Их было пятеро, друзей-сверстников, собиравшихся вместе, пятеро юных товарищей по школе, со сходным во многом направлением мыслей и складывающихся юношеских убеждений, что сближало их между собою и отгораживало от других. Однако среди них не нашлось бы и двух думающих одинаково. Под внешним единодушием сорока миллионов французов таится сорок миллионов людей, мыслящих каждый по-своему. Мысль Франции похожа на ее землю — страну мелких огороженных владений. Пятеро друзей — каждый со своего клочка — пытались поверх ограды обмениваться мнениями, но это приводило лишь к тому, что они еще крепче утверждались в своих взглядах. Впрочем, все они были свободомыслящими, и если не все являлись республиканцами, то все были врагами умственной или социальной реакции, противниками возврата назад.
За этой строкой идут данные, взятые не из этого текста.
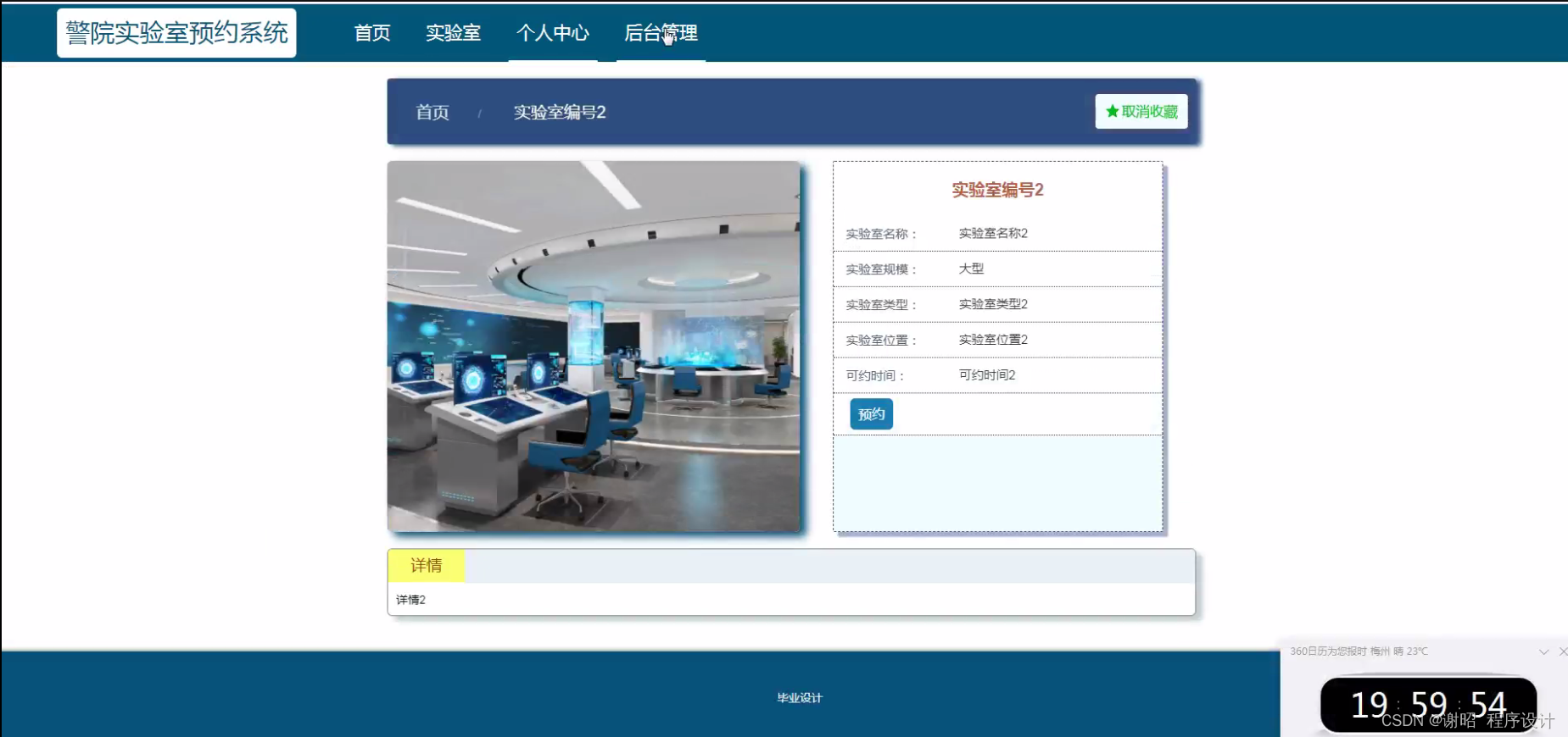 选题背景: 在现代社会中,实验室预约系统的应用已经成为各个领域的常态化需求。警院作为一所高等学府,拥有众多实验室资源,为了更好地管理和利用这些资源,开发一个高效的实验室预约系统势在必行。传统的实验室预约方式存在着许多问题,比如预约流程繁琐、信息传递不及时、资源利用率低下等。因此,通过引入先进的技术手段,建立一个智能化的实验室预约系统,可以有效解决这些问题,提高实验室资源的利用效率,提升教学科研水平。

Больше других был захвачен войной Жак Сэ. Этот благородный молодой еврей беззаветно разделял все увлечения мыслящей Франции. Во всей Европе его израильские собратья, подобно ему, приобщились к интересам и идеям той страны, которая стала их родиной. У них была даже склонность преувеличивать все, с чем они сроднились. Этот красивый юноша с пламенным, хотя и тяжеловатым взглядом, звучным голосом, правильными и словно изваянными чертами лица в своих убеждениях доходил до крайности и был неистов в спорах. По его мнению, речь шла о крестовом походе демократий с целью освободить народы и раз и навсегда покончить с войной. Четыре года кровавой бойни во благо человечества ни в чем не убедили его, ибо он был из тех, кого факты убедить не могут. В нем жила двойная гордость: скрытая гордость его народа, который ему хотелось реабилитировать, и его личная гордость, ибо он хотел доказать свою правоту. Чем меньше в глубине души он был уверен в собственной правоте, тем яростнее настаивал. За его искренним идеализмом скрывались властные, слишком долго подавляемые инстинкты и не менее искренняя жажда опасной, рискованной деятельности.